The Santa Fe Opera, in conjunction with the Rio Metro Regional Transit District, is launching a late-night train service on Saturdays during the opera’s 2025 summer season from June 28 through Aug. 23.

The service will be accompanied by a shuttle that brings patrons to the opera house from the Rail Runner Santa Fe Depot and back to the station after the night’s performance.

“Albuquerque is such an important community for not only New Mexico, but for the Santa Fe Opera,” said Robert Meya, the Santa Fe Opera general director. “We wanted to provide a better way of getting to the opera and home, particularly after some late-night performances.”

The train will make the regular stops between the Santa Fe Depot and Albuquerque. Tickets will be $25 round-trip, which includes the train and shuttle service, at santafeopera.org.

“We were able to come up with a price that we felt would be accessible for a large number of people,” Meya said.

The shuttle service back to the station will begin 15 minutes after the night’s opera ends, and precautions are being set in place to ensure that no patron misses their train home. Those who purchase the train ticket will be put on a list that will be checked on the shuttle to the opera and the shuttle back.

“The drivers for the shuttles will have communication with the main dispatch with Rail Runner, and so the train will not leave until all the passengers have been returned to the railyard and are on board,” Meya said.

The train service will not be exclusive to those attending the opera, but available for any late-night goers in Santa Fe seeking a train back to Albuquerque. Meya said the Santa Fe Opera has been referring to it as “Summer Nights in Santa Fe” and hopes people will utilize the service to come up in the afternoons, grab dinner and explore Santa Fe nightlife.
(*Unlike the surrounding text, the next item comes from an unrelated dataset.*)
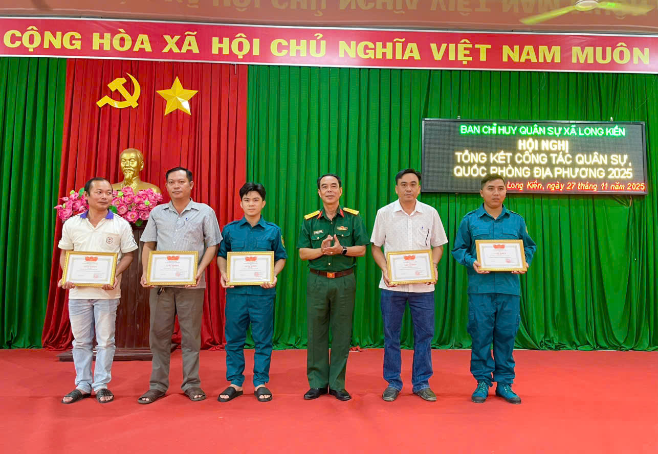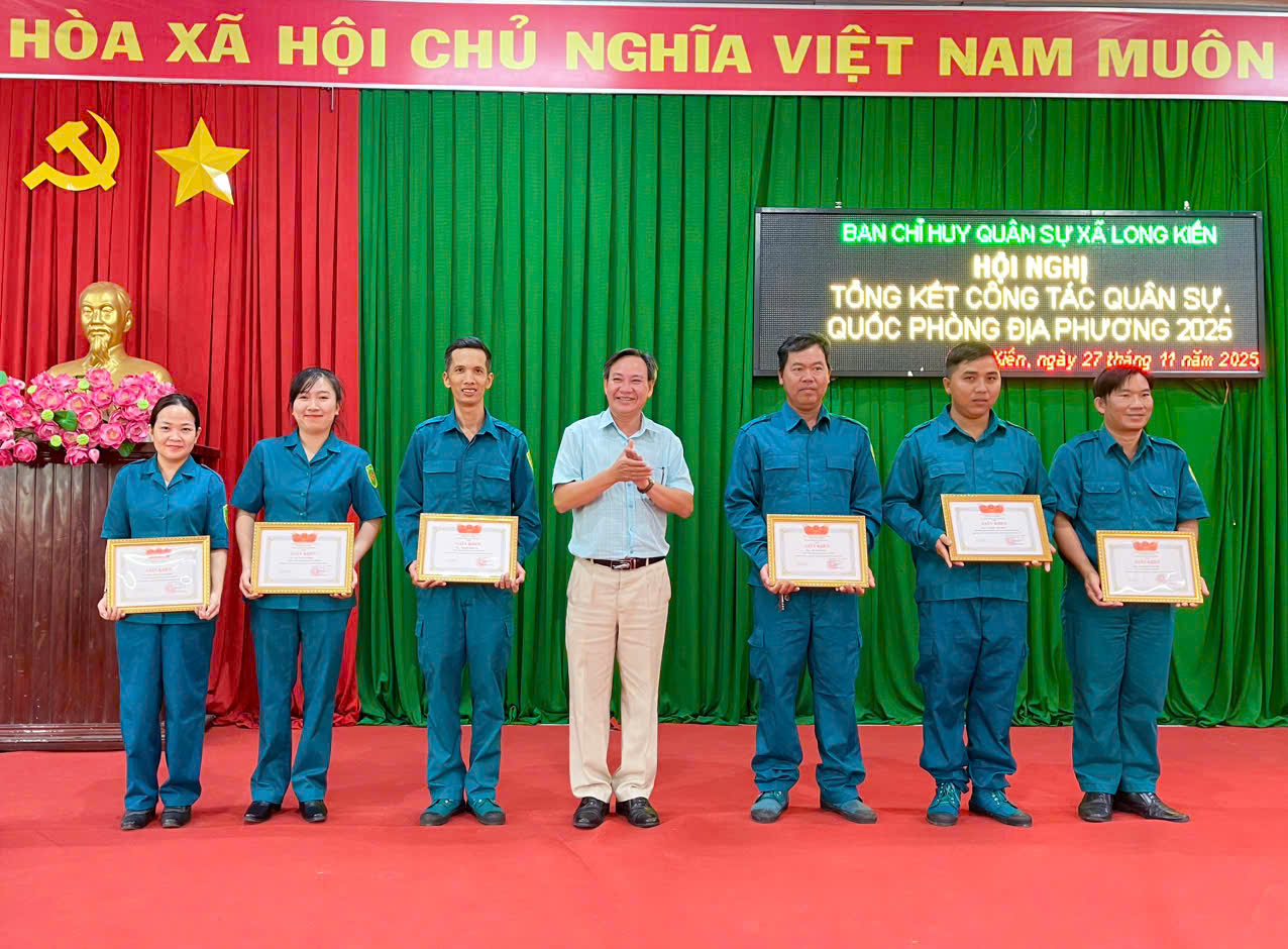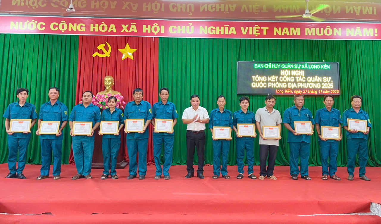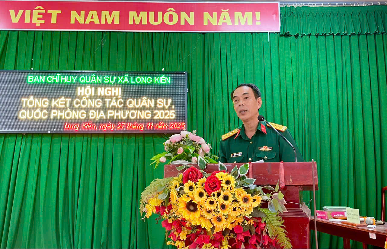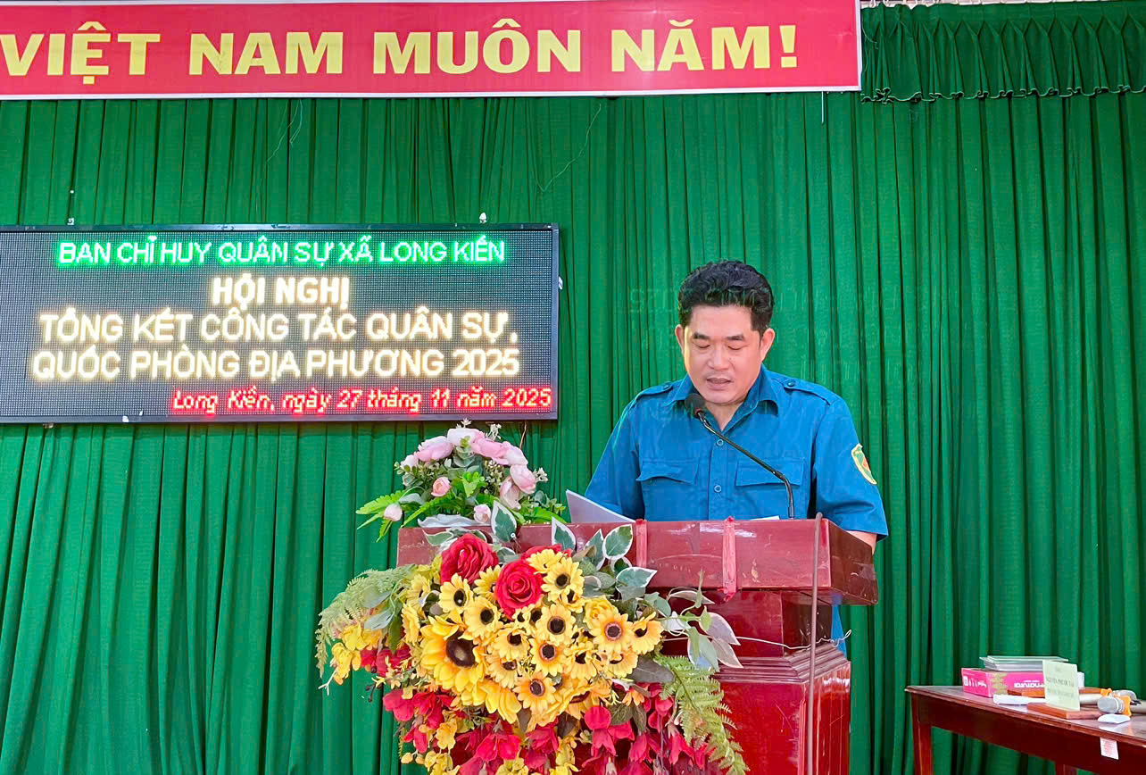 Chiều ngày 27/11/2025, Ban CHQS xã Long Kiến tổ chức hội nghị tổng kết công tác quân sự, quốc phòng địa phương năm 2025. Tham dự hội nghị có đồng chí Thượng tá Nguyễn Quốc Dũng – Phó chỉ huy trưởng Ban chỉ huy phòng thủ khu vực 1 Long Phú, ông Ngô Hữu Lễ - Phó Bí thư Thường trực Đảng uỷ xã, ông Dương Mai Thanh Sơn – CT. UBND xã.

The train back to Albuquerque will typically depart between 11 p.m. and 12:30 a.m., depending on performance runtime, with the longest-running show of the season, “Die Walküre,” which starts on July 26, having a predicted 1 a.m. departure.

The Santa Fe Opera aims to continue this partnership into future seasons to further enhance accessibility for attendees.

“This will be our first year doing it, but we have every intention of continuing it, as long as Rail Runner continues to be willing to work with us,” Meya said.